MCPSERV.CLUB
MCP-Mirror

Mantis MCP Server

MCP Server

Connect your projects to Mantis via Model Context Protocol

Stale(65)
0stars
1views
Updated Apr 3, 2025

About

A Node.js MCP server that integrates with the Mantis Bug Tracker, offering issue, user, project queries and statistics over MCP for streamlined workflow automation.

Capabilities

Resources
Access data sources
Tools
Execute functions
Prompts
Pre-built templates
Sampling
AI model interactions

Overview of the Mantis MCP Server

The Mantis MCP Server bridges the gap between AI assistants and the Mantis Bug Tracker by exposing a rich set of tools over the Model Context Protocol (MCP). It allows an assistant such as Claude to query, analyze, and manipulate bug‑tracking data without embedding custom API logic into the client. This solves a common pain point for teams that want to automate issue triage, generate status reports, or embed bug data directly into conversational workflows.

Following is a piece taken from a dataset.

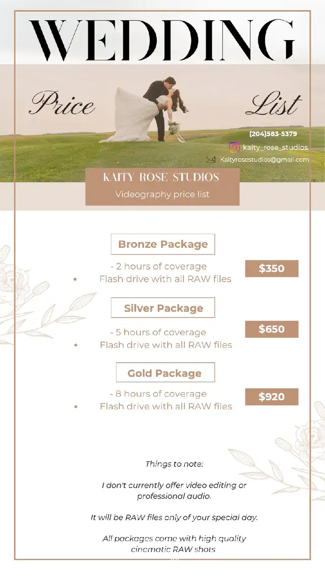 Photography and video! Please email me at kaityrosestudios@gmail.com if interested.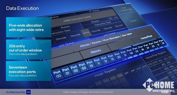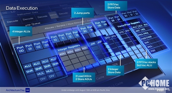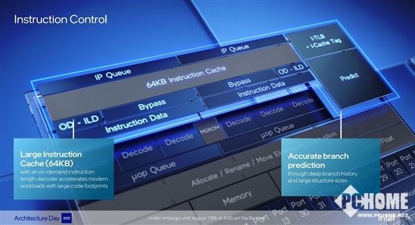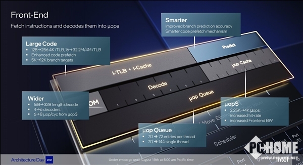 负责指令拾取和解码的前端部分,就发生了翻天覆地的变化,号称近十年来的最大变革,堪比当年的Skylake,官方称它旨在提高速度、突破低时延和单线程应用程序性能的限制。

By exposing a standard MCP interface, the server turns Mantis into a first‑class data source for any tool that understands MCP. Developers can retrieve issue lists, fetch detailed issue information, search users, list projects, and run multi‑dimensional statistics—all through a single, well‑defined protocol. The server handles authentication with an API key, manages pagination and field selection to keep responses lightweight, and automatically compresses large payloads. Robust logging and error handling mean that the assistant can surface meaningful diagnostics when something goes wrong.

Key capabilities include:

  • Issue Management – Retrieve filtered issue lists, get details by ID, and inspect assignment patterns.
  • User & Project Discovery – Query users by name or list all projects to keep assistant knowledge up‑to‑date.
  • Statistical Analysis – Generate issue and assignment statistics across dimensions such as status, priority, or handler.
  • Performance Optimizations – Select only the fields you need, paginate results, and enable automatic compression for large datasets.
  • Cross‑Platform Integration – Works on Windows, macOS, and Linux via standard MCP configurations for Cursor or other client tools.

Typical use cases include:

  • Automated triage – An assistant can ask for “issues assigned to me that are overdue” and receive a concise list.
  • Progress reporting – Generate weekly status summaries or sprint burndown charts directly from Mantis data.
  • Developer onboarding – New team members can query project structures or recent bugs without leaving the chat.
  • Continuous monitoring – Combine MCP calls with other tools to trigger alerts when issue counts spike.

Integrating the server into an AI workflow is straightforward: configure the MCP client to point at the Mantis MCP Server, then invoke any of the exposed tools as part of a prompt or routine. Because the server handles all API details, developers can focus on crafting higher‑level logic and natural language interactions rather than dealing with HTTP authentication or pagination quirks. The result is a seamless, conversational bridge to Mantis that empowers teams to work more efficiently and transparently.